THE TASK:
From the entries below, reproduce exactly the lines from the one with "石棉縣人民醫(yī)院醫(y" through the one with "Nowoczesny ozdobny okapnik", both included, without images.

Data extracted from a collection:

────────

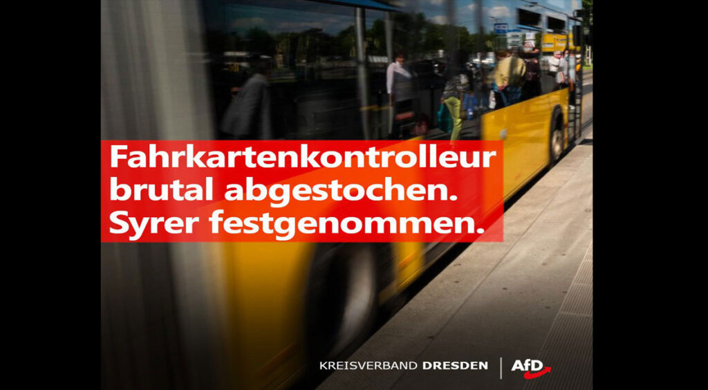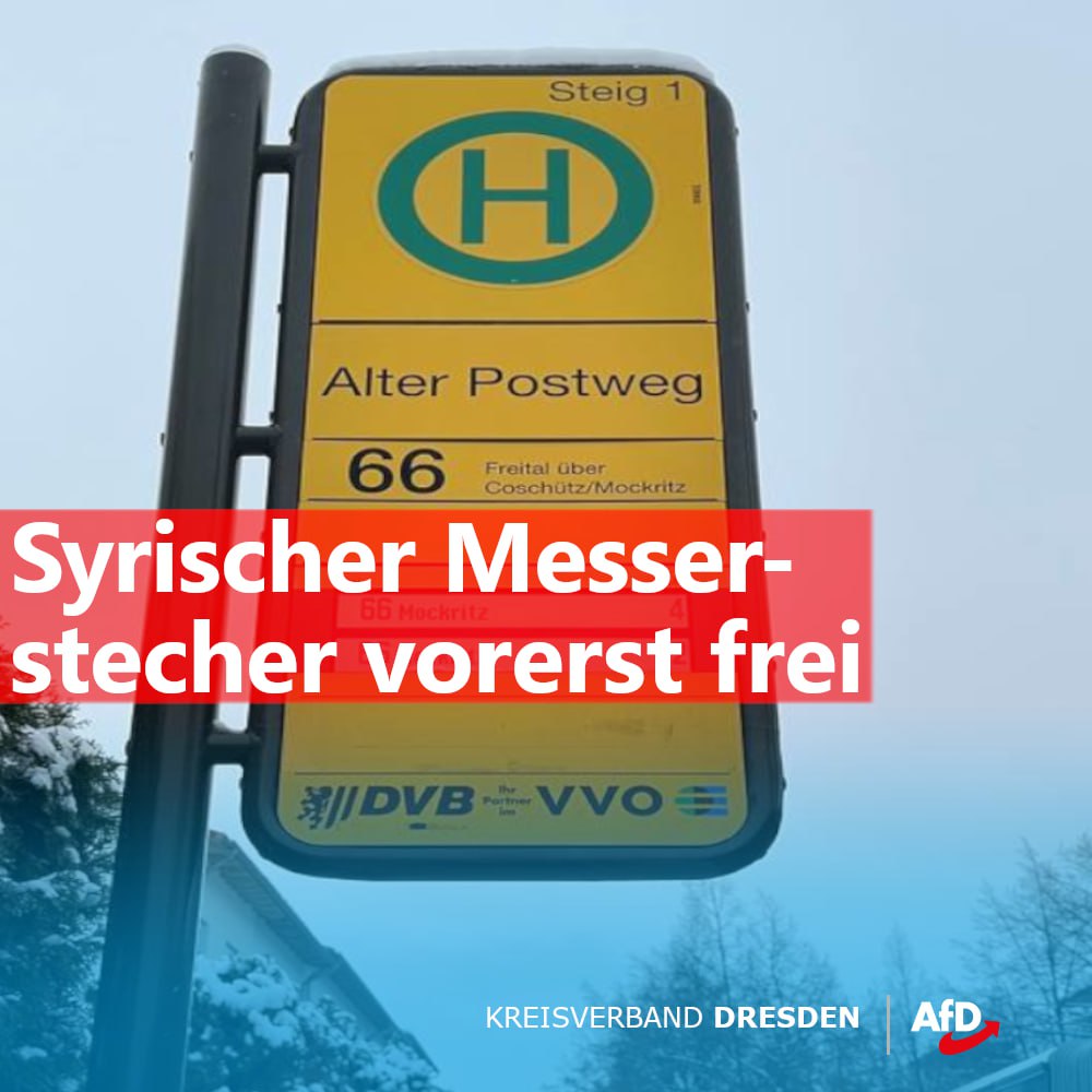 Zur Erinnerung: Am 30.10.2022 stach ein 23-jähriger Syrer in Dresden-Nickern einen Fahrkartenkontrolleur mehrmals in den Bauch und verletzte ihn schwer. Gestern verurteilte das LG Dresden den Täter zu zwei Jahren und acht Monaten Haft. Der Messerstecher ist sogar vorerst auf freien Fuß (wohnt in Dresden-Nickern). Ein solch mildes Urteil war leider zu erwarten. Wenn es
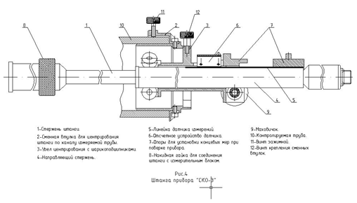 втулок для центрирования конца штанги на измеряемой трубе. Каждая сменная
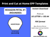 HEXPETR325 - HEXAGON PETAL #1 (ROUNDED) - 3-¼ inch sides - 1 piece per page. For printing and cutting out at home.
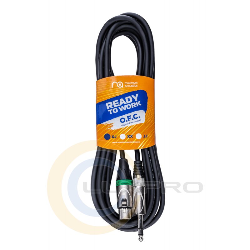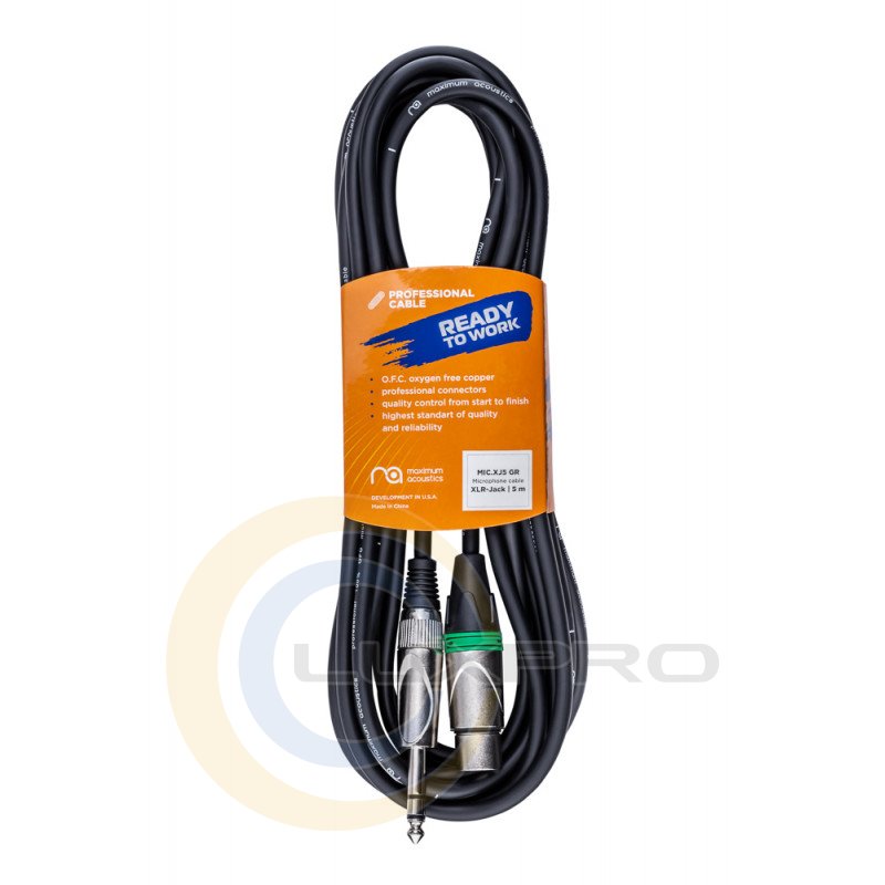 Професійний мікрофонний кабель від бренду Maximum Acoustics, виготовлений з 6 мм екранованого кабелю з використанням безкисневої міді (OFC) та оснащений конекторами Jack Stereo 6,3 мм - XLR-female. Дана модель має довжину кабелю 5 м. Колір кабелю чорний, а кільця маркувальні конекторів - зелені.
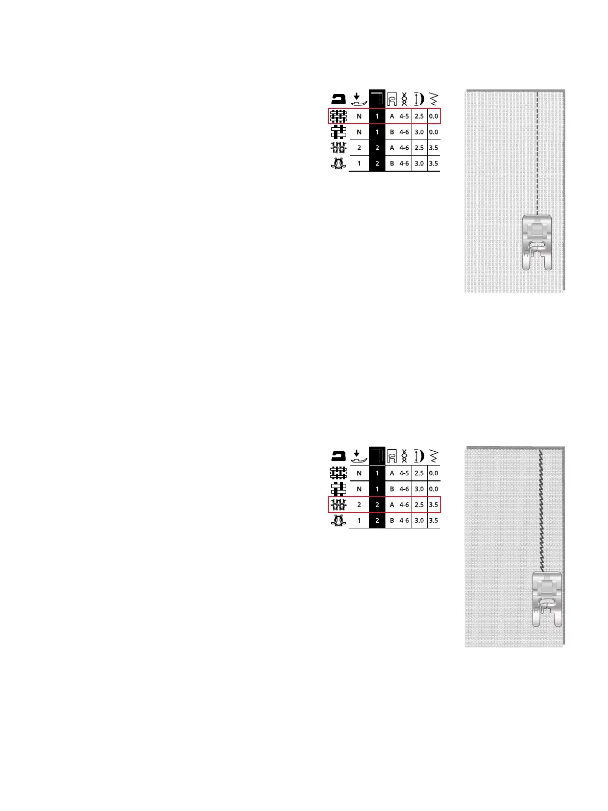 Stel in: Draadspanning 4–6, steeklengte 2.5, naaldpositie 0.0
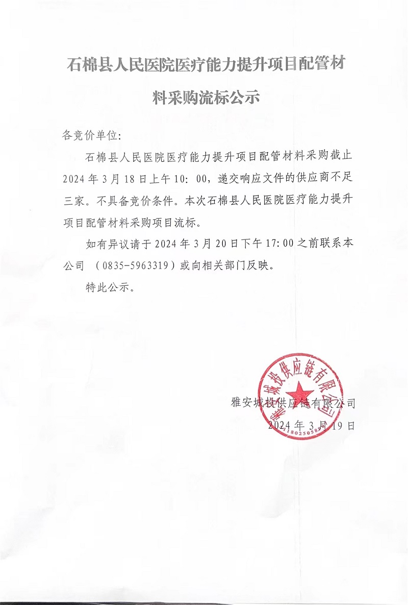 石棉縣人民醫(yī)院醫(yī)療能力提升項(xiàng)目配管材料采購流標(biāo)公示
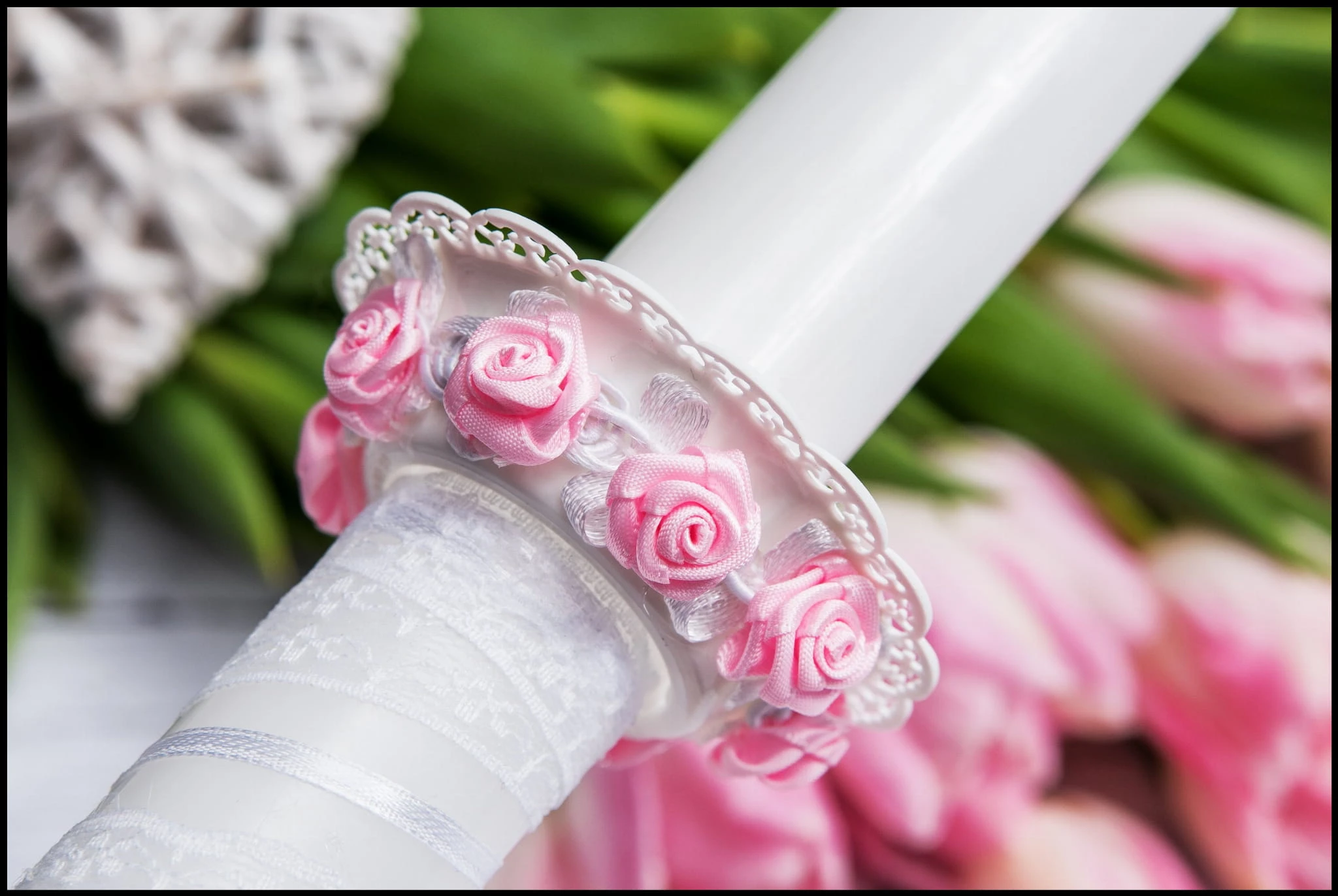 Nowoczesny ozdobny okapnik ozdoba Stroik do świecy CHRZEST Komunia O4c
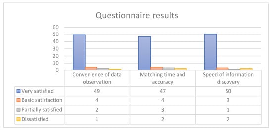 In order to evaluate the application effect of the method of establishing the interaction between the visualization screen and the mobile phone terminal through the positive octagonal K-value template matching in manufacturing enterprises for observing data, this paper randomly sent online questionnaires to the supervisors of each workshop, technicians of each workshop, data analysts, data visualization technicians, and controllers of the data visualization screen in manufacturing enterprises that use the data visualization screen for observing data, and received a total of 56 valid responses. The questionnaire was used to find whether the method of using K-value template matching to establish the interaction between the visualization screen and the mobile phone was helpful for data observation, whether the time required for matching and the accuracy of matching were satisfactory, and whether the time for discovering key information about the data was shortened to understand how the participants used the mobile phone and the visualization screen simultaneously for linked observation. The questionnaires were filled out according to the participant’s satisfaction with the method after use. After collecting the completed questionnaires from the participants, the results were tallied and presented in the form of bar graphs for analysis, as shown in Figure 7.

────────

SOLUTION FOR THIS TASK:
 石棉縣人民醫(yī)院醫(yī)療能力提升項(xiàng)目配管材料采購流標(biāo)公示
 Nowoczesny ozdobny okapnik ozdoba Stroik do świecy CHRZEST Komunia O4c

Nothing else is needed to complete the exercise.